■ **Supplied data**
----------------------------------------
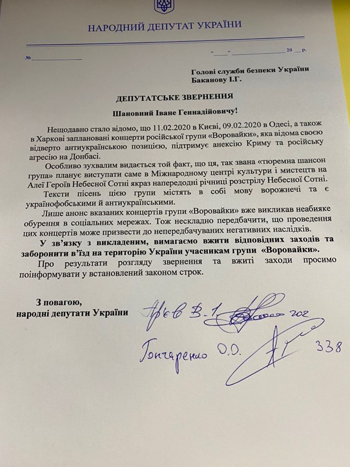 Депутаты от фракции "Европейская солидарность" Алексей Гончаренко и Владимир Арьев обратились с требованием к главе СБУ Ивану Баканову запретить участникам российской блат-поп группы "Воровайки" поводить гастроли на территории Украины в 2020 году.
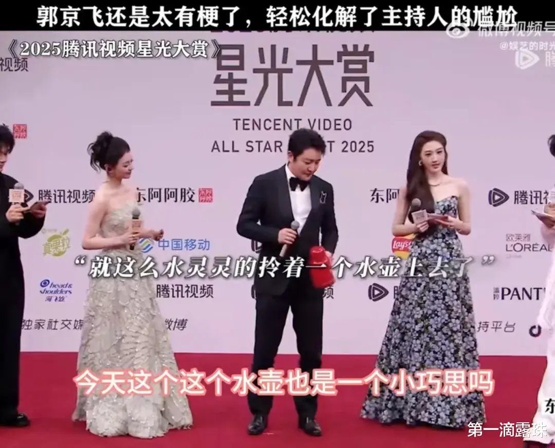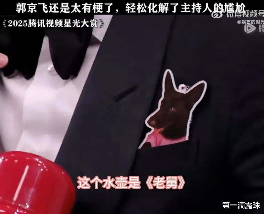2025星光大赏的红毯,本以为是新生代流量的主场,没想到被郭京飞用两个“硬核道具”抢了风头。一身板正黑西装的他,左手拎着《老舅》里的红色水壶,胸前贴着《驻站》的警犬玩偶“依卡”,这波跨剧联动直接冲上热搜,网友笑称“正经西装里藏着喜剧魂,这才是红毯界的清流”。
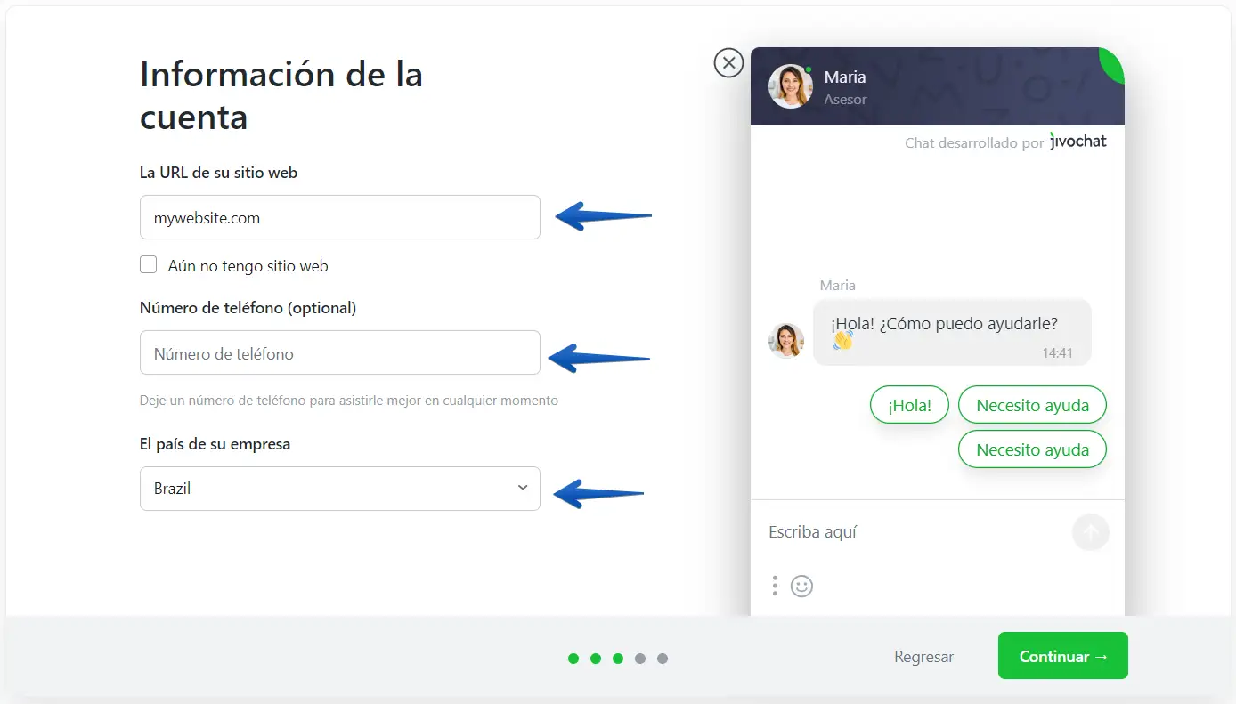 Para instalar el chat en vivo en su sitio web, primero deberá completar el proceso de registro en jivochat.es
----------------------------------------
Without the pictures, output the full listing exactly as it stands.

■ **Expected answer**
 Депутаты от фракции "Европейская солидарность" Алексей Гончаренко и Владимир Арьев обратились с требованием к главе СБУ Ивану Баканову запретить участникам российской блат-поп группы "Воровайки" поводить гастроли на территории Украины в 2020 году.
2025星光大赏的红毯,本以为是新生代流量的主场,没想到被郭京飞用两个“硬核道具”抢了风头。一身板正黑西装的他,左手拎着《老舅》里的红色水壶,胸前贴着《驻站》的警犬玩偶“依卡”,这波跨剧联动直接冲上热搜,网友笑称“正经西装里藏着喜剧魂,这才是红毯界的清流”。
 Para instalar el chat en vivo en su sitio web, primero deberá completar el proceso de registro en jivochat.es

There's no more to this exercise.